You may recall that at one point in the not too distant past I spent thousands of words describing in excruciating detail the thousands of minutes invested (or should I say more appropriately, wasted) lying on the floor, begging these people to just go the f**k to sleep. And for the most part, now they do, go the f**k to sleep. But like that carnival game “Whack-a-Mole,” a new development has popped up in the void left behind by the easier bedtime, and that somewhere else has taken the form of those people who I gave birth to waking me up before 6 o’clock in the morning. Pretty much ALL THE TIME. What a kick in the head, bed time now runs smoothly for the most part; it’s the weekend morning time that now completely sucks.
Either the third grader barges into my room under the guise of a having had bad dream or having to pee, or some such nonsense, and will proceed to mercilessly fling open my bedroom door with a loud bang, stomp into my bathroom, throw open the toilet with a clank that clearly says “fuck you, wake up,” and do his business with the bathroom door wide open. And his morning pee noise sounds eerily similar to that of a fire hose during a three alarm fire. Subtle and discrete and, oh, considerate, this kid is not. Then after he is done putting out fires in my toilet, he will just stand at my bedside staring at me, willing me awake with his cute little eyeballs, while I try to feign sleeping (thinking he’d get the hint and skulk away). I will then have to unglue my eyelids and meet his gaze, and say “What is your problem this morning, dude?” and he will look me square in the face, unflinching and say “nothing” or even worse, “I’m hungry.” (Hunger is worse because I know he can actually do something about this, but prefers that the something -e.g. toasting a waffle or making a bowl of cereal- be done exclusively by me.) Some days instead of the brutal eyeball-burning technique or the “I will starve to death without you” strategy, he will torture me with a tactic I call the snort n’ sniffle. He will lie down on the floor next to my side of the bed and proceed to snort, sniff and scratch himself incessantly and, I am not sure how he does it, but he snorts, sniffs and scratches himself at a decibel that doesn’t seem possible given the nature of the activity. And I again will lie there feigning sleep, all the while seething and suppressing my burning desire to pick him up and chuck him back into his room.

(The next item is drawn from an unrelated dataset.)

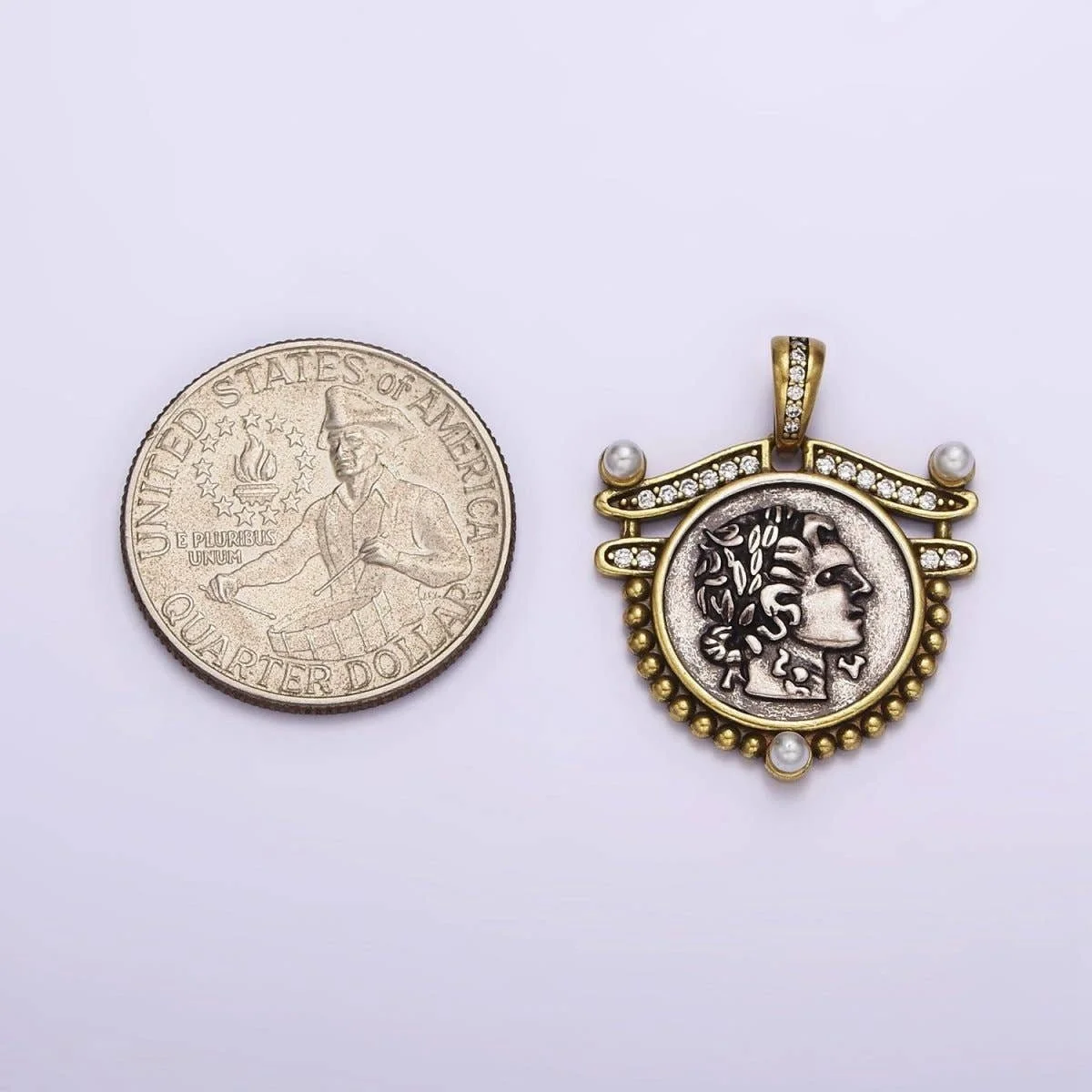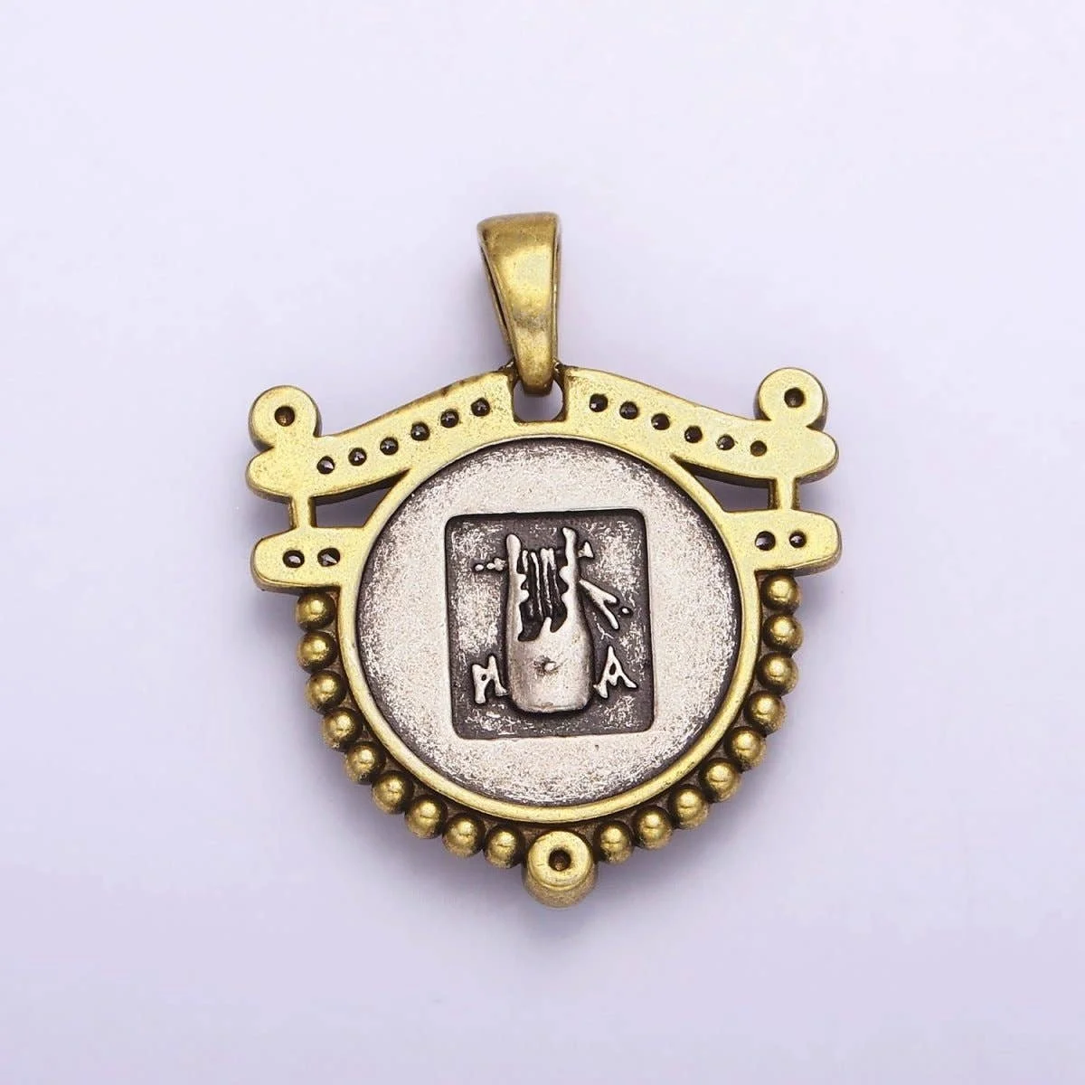 All Items › Greek Medallion Image 1 of 4 Image 2 of 4 Image 3 of 4 Image 4 of 4 Greek Medallion $82.00 sold out Size: 28.3mm x 23.5mm x 3.1mm; Bail: 7.6 x 5.2 mm Get notified by email when this product is in stock. Sold Out Added! Size: 28.3mm x 23.5mm x 3.1mm; Bail: 7.6 x 5.2 mm

Other days it is the four-year old’s turn at predawn torture. This child, whose bedtime routine has miraculously turned into a lovely, easy breezy kiss n’ go, will, at about 5:20 a.m. scream from her bed like she is actually on fire the millisecond she wakes up. Screaming bloody murder for me to get up and gather all her things (purple pillow pet, green pillow pet, princess blankie, small stuffed fish, large stuffed fish, and baby Ariel-because you see, we all work for her majesty) to be carried into the den where she will sit and wait until she can watch television.

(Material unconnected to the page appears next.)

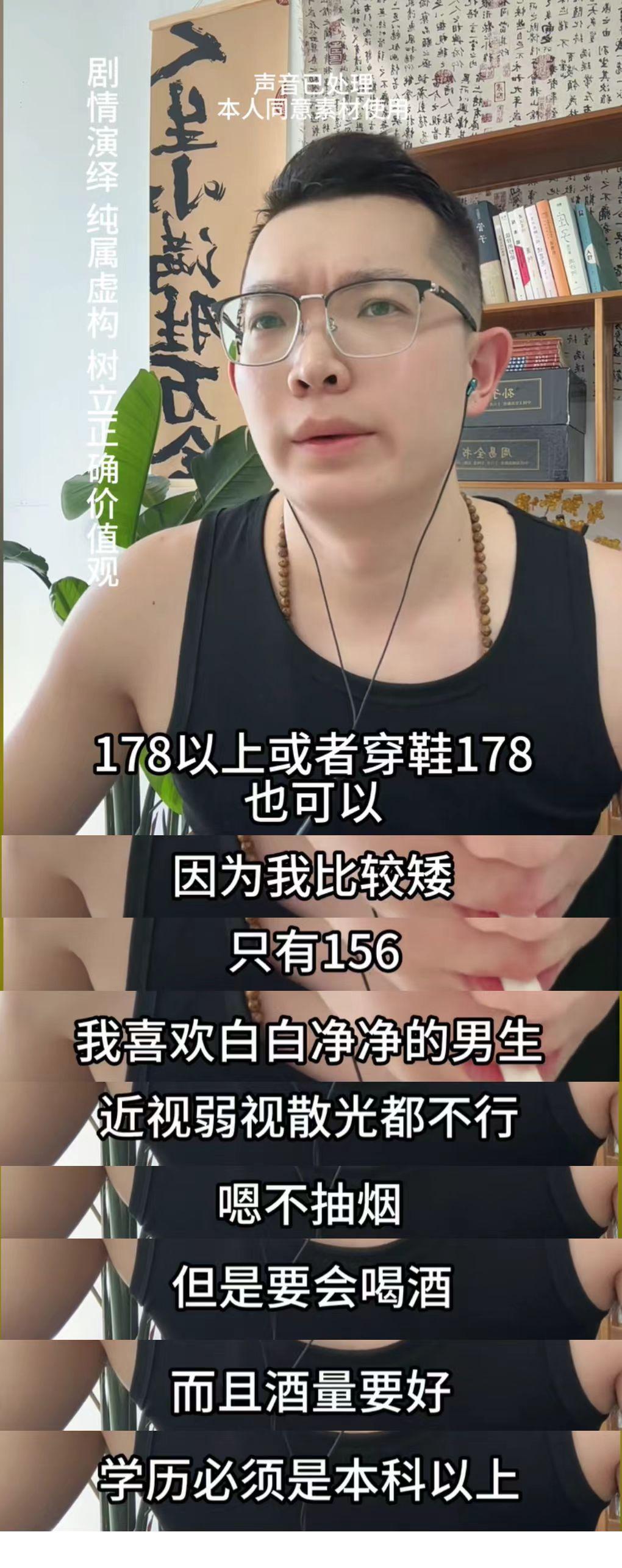 男生要白白淨淨的,而且要有腹肌,眼睛是健康的近視散光弱視都不行。這三個條件是因爲女孩子自己喜歡白淨的男生,有腹肌不戴眼鏡的男生。

And so I get up against my will, because I cannot just lie there and try to go back to sleep, not when I have been woken up so cruelly, not when I sense the sun has risen and I can hear those fucking birds cheerfully chirping outside my window. So I drag myself out of bed, and start the day off, supremely cranky and not ready to face the rest of what is in store. Oh well, only ten more years till college.